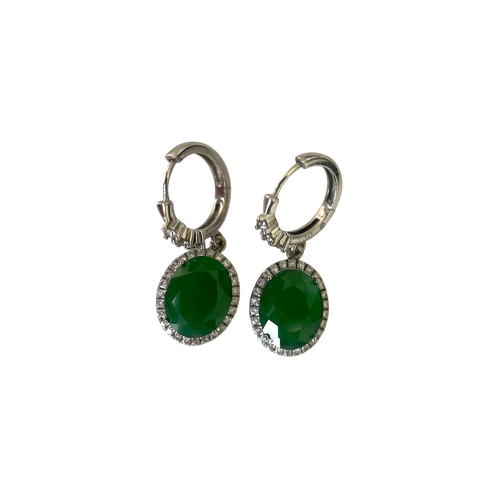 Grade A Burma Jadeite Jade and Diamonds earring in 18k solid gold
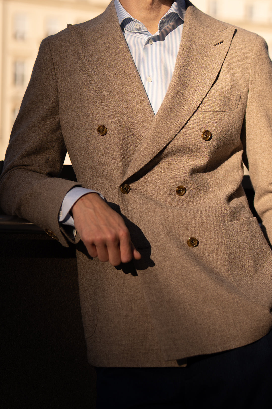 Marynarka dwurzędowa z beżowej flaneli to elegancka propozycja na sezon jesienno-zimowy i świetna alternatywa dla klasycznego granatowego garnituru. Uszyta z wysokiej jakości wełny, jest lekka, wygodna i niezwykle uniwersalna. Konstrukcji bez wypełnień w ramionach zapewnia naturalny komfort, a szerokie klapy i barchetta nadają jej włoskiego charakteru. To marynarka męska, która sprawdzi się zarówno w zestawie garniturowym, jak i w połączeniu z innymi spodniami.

============

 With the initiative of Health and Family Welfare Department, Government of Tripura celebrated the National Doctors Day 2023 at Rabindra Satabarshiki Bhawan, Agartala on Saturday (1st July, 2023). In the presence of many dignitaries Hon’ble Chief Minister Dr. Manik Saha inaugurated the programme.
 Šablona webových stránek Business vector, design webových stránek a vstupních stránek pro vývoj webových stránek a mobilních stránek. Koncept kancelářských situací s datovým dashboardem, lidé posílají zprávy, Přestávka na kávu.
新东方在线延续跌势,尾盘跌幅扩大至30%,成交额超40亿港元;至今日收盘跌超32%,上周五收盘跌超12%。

============

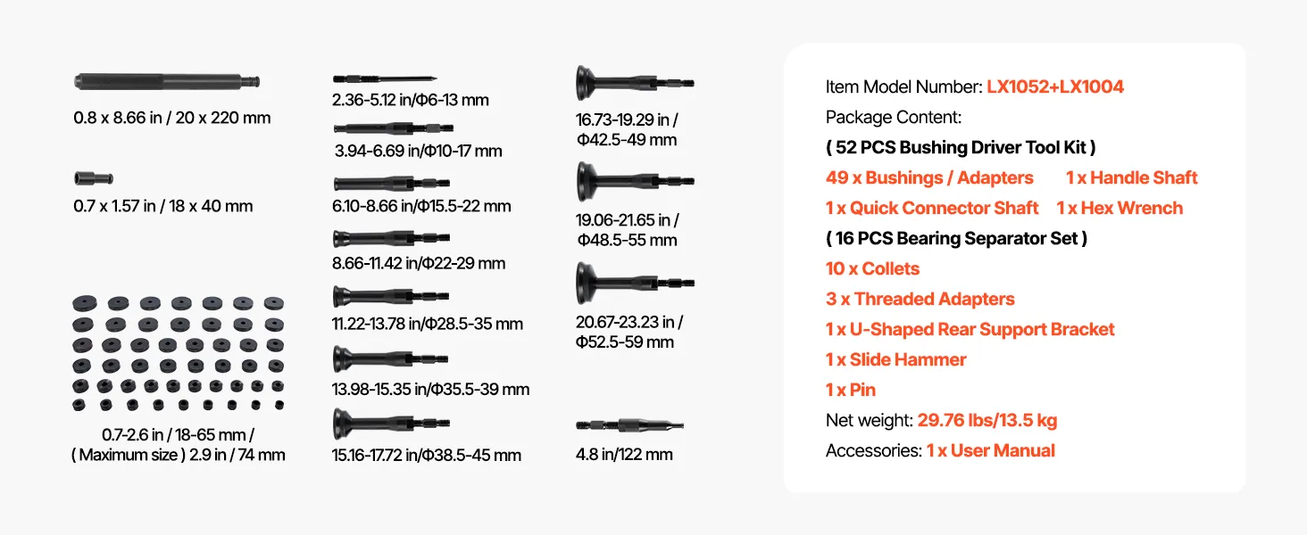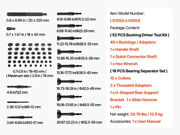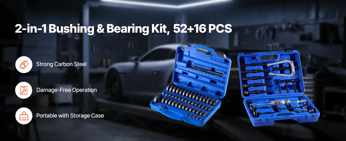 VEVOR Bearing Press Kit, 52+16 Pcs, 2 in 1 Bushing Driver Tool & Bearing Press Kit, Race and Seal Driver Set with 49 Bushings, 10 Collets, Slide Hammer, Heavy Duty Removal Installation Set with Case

============

- **Exercise brief**: Beginning with the line above that contains "Šablona webových stránek", copy each line exactly up to and including the line that contains "新东方在线延续跌势,尾盘跌幅", and go no further.

- **Problem solution**:
 Šablona webových stránek Business vector, design webových stránek a vstupních stránek pro vývoj webových stránek a mobilních stránek. Koncept kancelářských situací s datovým dashboardem, lidé posílají zprávy, Přestávka na kávu.
新东方在线延续跌势,尾盘跌幅扩大至30%,成交额超40亿港元;至今日收盘跌超32%,上周五收盘跌超12%。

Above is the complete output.